Q: I think when we hear the term blending, we tend to think first about blending grape varieties. Can you talk about some of the other ways wine is blended?

A: You can blend different sections of the vineyard, whether or not they’re the same variety – maybe it’s a different clone of the variety or it has different exposure; you can choose different barrel lots: New barrels, older barrels, different coopers, toasting levels or forests; you can blend vintages if you want; you can blend different geographic areas together to broaden the palette of flavors, for instance blending the Yountville AVA with the Carneros AVA, Napa Valley with Russian River or even blending grapes or wines from different states together. As long as you label the wine accurately, anything goes!

Q: It seems like some varieties, like Pinot Noir, aren’t often blended with other varieties, where Cabernet and Syrah are blended all the time. Why do you think that is?

A: Part of it is tradition. Classically, in Bordeaux, Cabernet Sauvignon is blended with other Bordeaux varieties such as Merlot, Cabernet Franc, etc. Or Syrah, a variety that comes from the Rhone, is traditionally blended with Grenache, Carignane or Mourvedre. Perhaps these traditions became traditions because blending improves the wine. We’re always looking for balance in the wine and if the Cabernet is too tannic we know that Merlot has a rounding effect. Also, in difficult climates, a relatively early-ripening red, like Merlot, is a form of crop insurance. If your Cabernet gets rained out, at least you already have the Merlot in the barn.

Q: Our Cabernets are often 100%. Is that by design or is it just the way it turns out?

A: It’s just the way it’s turned out. We always want to make the best possible wine we can, so we make trial blends with various amounts of the other Bordeaux varieties included and then we go with what tastes best, has good complexity and has the best balance. I also want to think about the possibility of making a separate bottling of one of the blending grapes like Cabernet Franc. Do I have enough to blend and also showcase the variety separately? We just released the 2007 Estate Cabernet and it’s 91% Cabernet Sauvignon and the rest Cabernet Franc. That’s what tasted best to us. We also managed to bottle a small amount of varietal Cab Franc.

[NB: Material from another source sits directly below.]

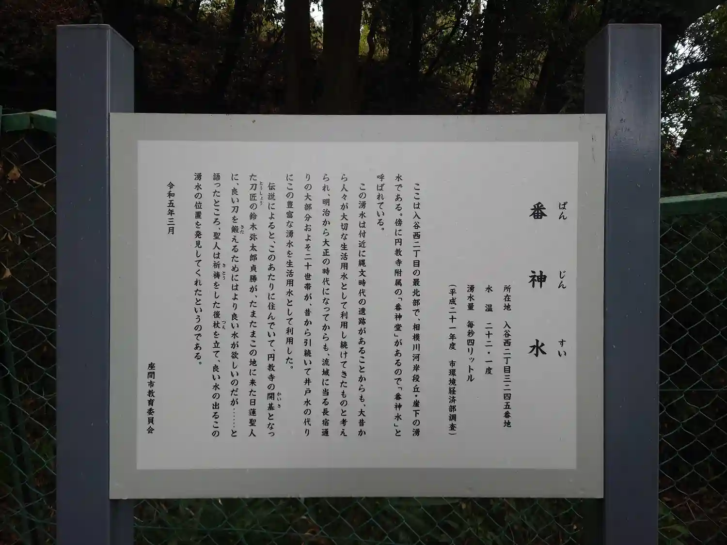 このお水を使って立派な日本刀が鍛えられました。また、昭和の初期頃までは下宿の酒造店が酒を仕込む時にこの番神水を使っていたそうです。

Q: There are also different vineyard lots and clones of the same variety available. How does that work?

A: I always keep all the vineyard lots separate intitially so I can see how they turn out. Then, later, we can think about blending them together. At that point we don’t really think of them as different clones, necessarily. We just think of them as candidates and put together the blend we like the best. But, certainly, the fact that we have three different clones of Cabernet on our estate means we’ve got a potentially very complex blend without blending in other varieties. We just have to taste and find out.

Q: Can you explain how you set up a blending trial?

A: If, for instance, we were working on a Napa Valley Cabernet blend, we get samples of all the wines in the cellar that we consider to be candidates – the different varieties, clones and barrel lots. We taste them all individually to get a sense of what we’re working with. As we do this, we have a flavor profile in mind for the finished wine and we think about what role any of these samples might play.

It can start out kind of random – a little of this with a little of that just to see what happens. Later, it becomes a process of elimination. There are always candidates that are quite good, but not right for this particular blend, so we begin narrowing things down. It’s really kind of fun. We also like to compare our trial blends to a bottle of the previous vintage or two, to see if there’s good continuity. If folks have loved our Napa Cab we don’t want to turn any sharp corners, stylistically, and disappoint them. This can take a little time or a lot. We sometimes come up with a terrific blend in the first round of tasting trials. Other times it takes repeated trials to get there.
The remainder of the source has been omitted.